Driving under the influence creates a significant safety risk on South Carolina roads. Police officers may be on the lookout for driving behavior that indicates an intoxicated individual is operating a motor vehicle. However, the police may not harass drivers, and reasonable suspicion and probable cause should guide a police officer’s decisions. Arbitrarily pulling vehicles over and performing sobriety tests and searches may not be lawful actions.
Reasonable suspicion and DUI arrests
Reasonable suspicion is not the same as probable cause as the bar for reasonable suspicion is lower. With reasonable suspicion, the police must have an “objective justification” for an investigative stop.

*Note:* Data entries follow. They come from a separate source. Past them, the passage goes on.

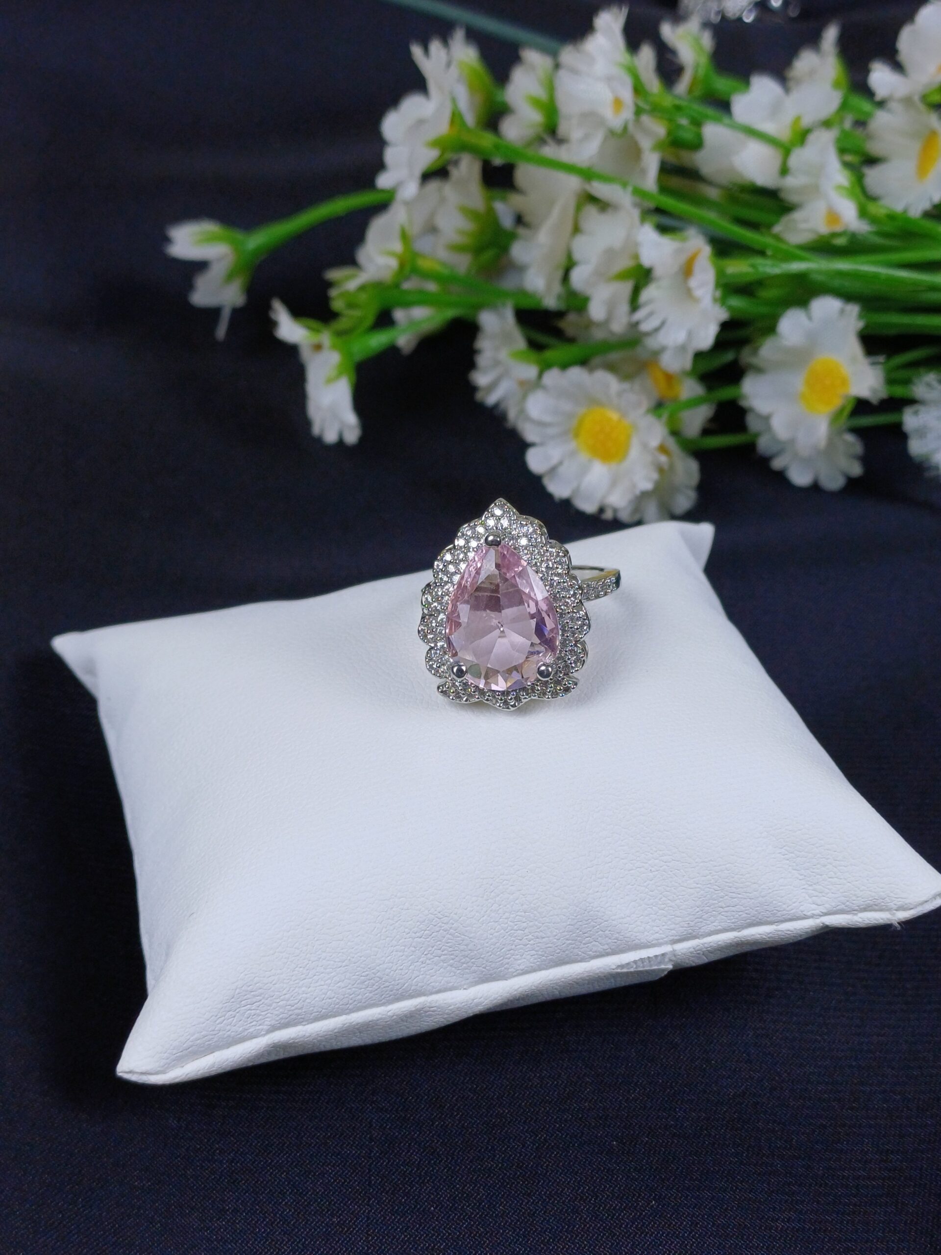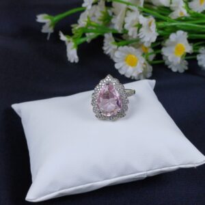 This final piece is a pear-cut halo statement ring, featuring a delicate pink gemstone and a scalloped crystal border for a classic, feminine look.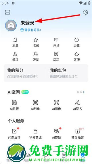 2、在软件主界面,点击未登录,进入登录相关页面。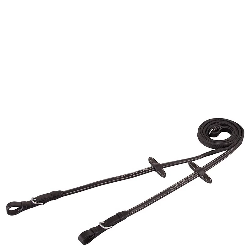 Eventa rubber grip reins with nylon insert, rein stops and round buckles. With cream stitching, 16 mm.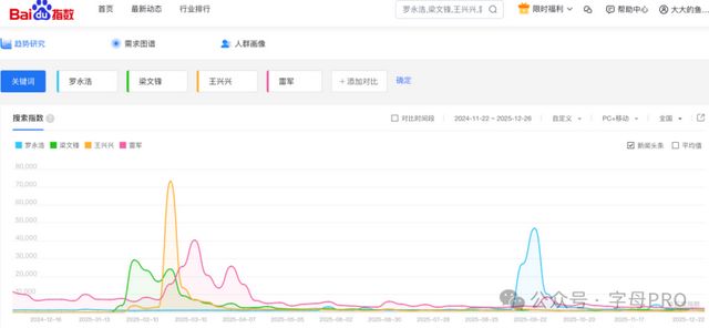 百度指数显示,罗永浩年内最高热度为 47000,远超李佳琦和董宇辉。实际上,2025 年,各路风流人物尽数登场,前有梁文锋和王兴兴,后有雷军,罗永浩的最高热度仅次于王兴兴,却超过了梁文锋和雷军。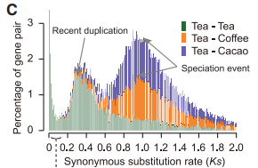 KS:全基因組加倍事件會產(chǎn)生大量的同源基因,反映在Ks值上便是會有大量的Ks值接近的同源基因?qū)Φ漠a(chǎn)生,Ks值峰就對應(yīng)了全基因組加倍事件的存在。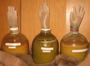- Un gant en caoutchouc avec un trou dans un doigt ou un joint étanche à l'eau est placé sur chaque pot. Ceci est nécessaire afin de limiter l'accès de l'oxygène au jus de pomme, sinon il risque simplement de devenir aigre.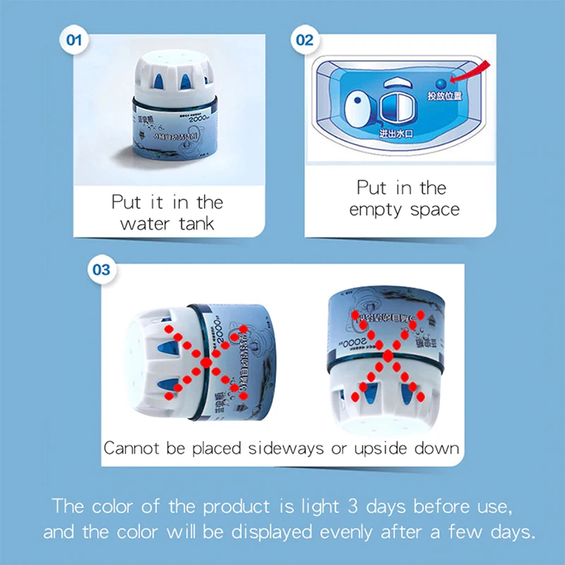 Как использовать: Поместите кусок в резервуар для воды унитаза, дайте ему стоять вертикально, подождите, пока вода станет синей, тогда он сможет содержать унитаз в чистоте и удалять запах.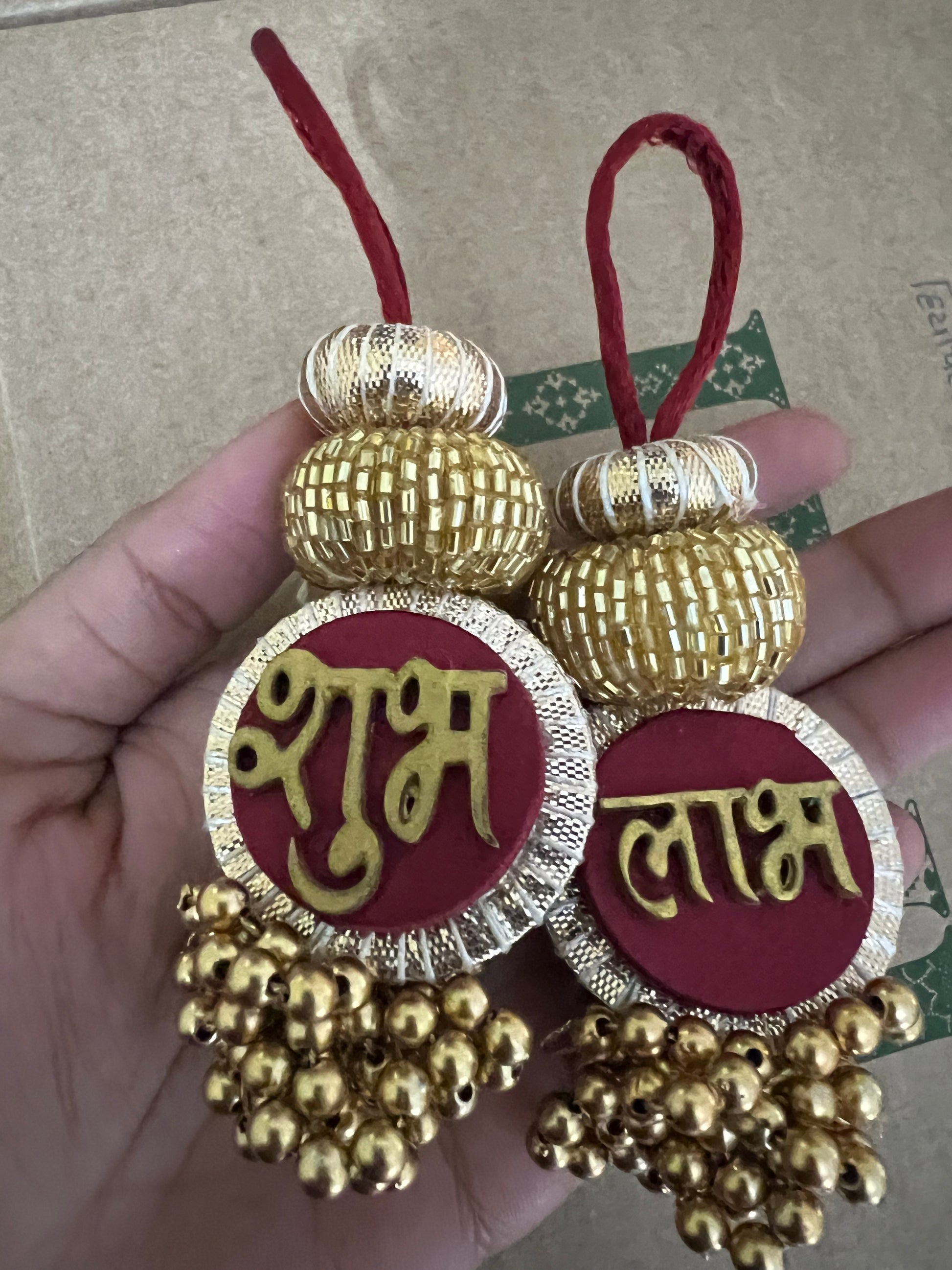 🌼 Aesthetic Elegance: Our Mini Shubh Labh Hangings have undergone a meticulous design process to ensure their visual appeal. With each tassel measuring 3.5 inches in length and a maximum width of 1.5 inches, these hangings perfectly capture the essence of the "Shubh Labh" symbol in a compact and tasteful form.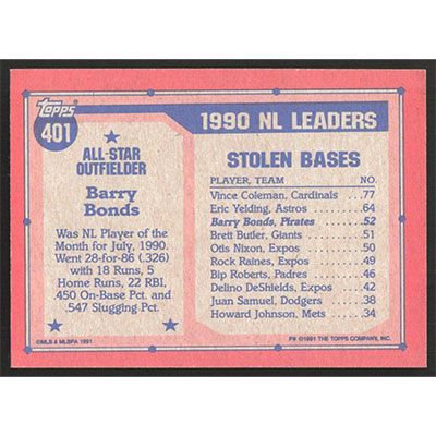 This is a 1991 Topps Barry Bonds All-Star baseball card. The card is #401 and pictures show condition.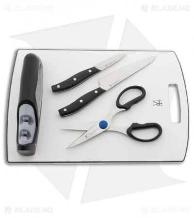The Henckels International Definition series is characterized by high-end feel at an accessible price. The blades have extremely sharp plain edges and tall flat grinds, so the knives feel and cut much like knives twice their price. The set includes a 3″ paring knife, a 5.5″ prep knife, kitchen shears, a cutting board, and a hand-held sharpener.
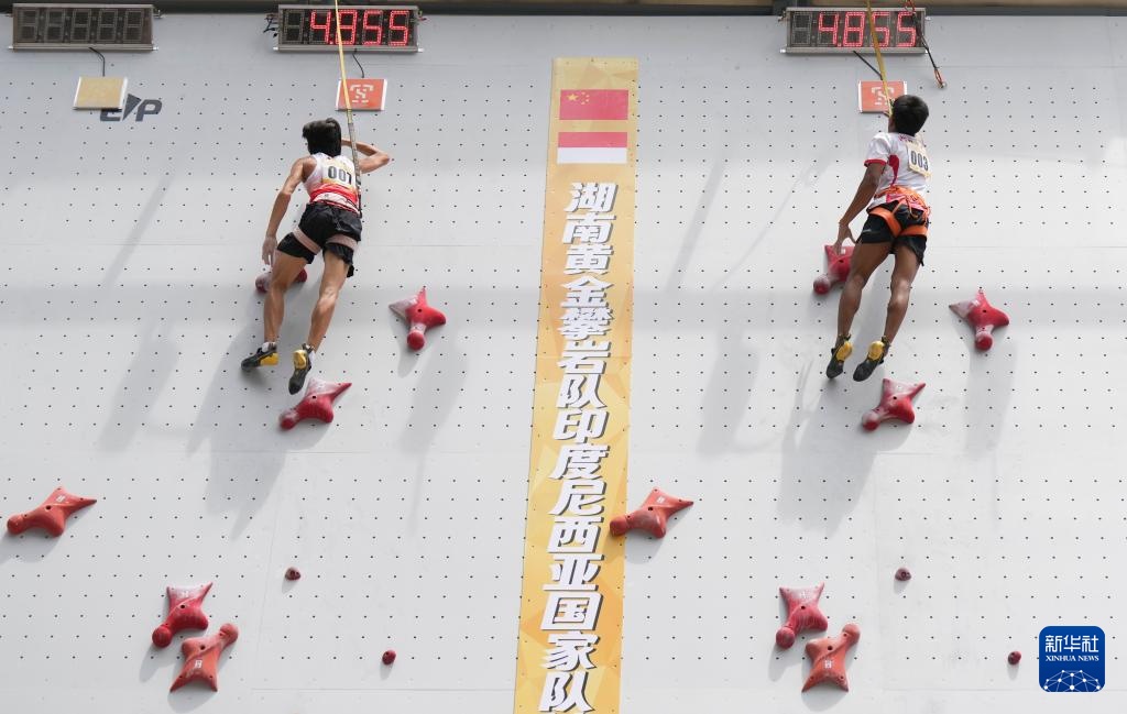 9月10日,印度尼西亚选手马德·里塔·库苏马(左)与中国湖南黄金攀岩队选手、2024巴黎奥运会攀岩女子速度亚军、成都世运会攀岩女子速度、女子接力冠军邓丽娟在比赛中。

When a vehicle fails to remain in a lane or otherwise displays poor control by the driver, pulling the car over may be necessary. A moving violation provides an opportunity for the police to write a citation and determine if the driver is intoxicated. A disoriented driver who slurs his or her speech would likely give an officer a reason to perform a field sobriety test. The smell of alcohol on the driver’s breath, an open container or discarded beer cans in the backseat may further justify a sobriety test and possible DUI arrest.
No reasonable suspicion or probable cause
If a driver commits no moving violations nor exhibits any suspicious behavior, the police may still stop the vehicle. Any procured evidence could be inadmissible in court when the police lacked any basis for reasonable suspicion or probable cause.
Traffic stops could result from questionable police behavior, including bias and discrimination. Officers who perform traffic stops and searches based on discriminatory behavior may violate the accused’s civil rights, opening doors to a potential civil lawsuit.
Persons facing DUI charges could consult with an attorney about the particulars of the stop and search. A lawyer may raise doubts about probable cause and reasonable suspicion in court.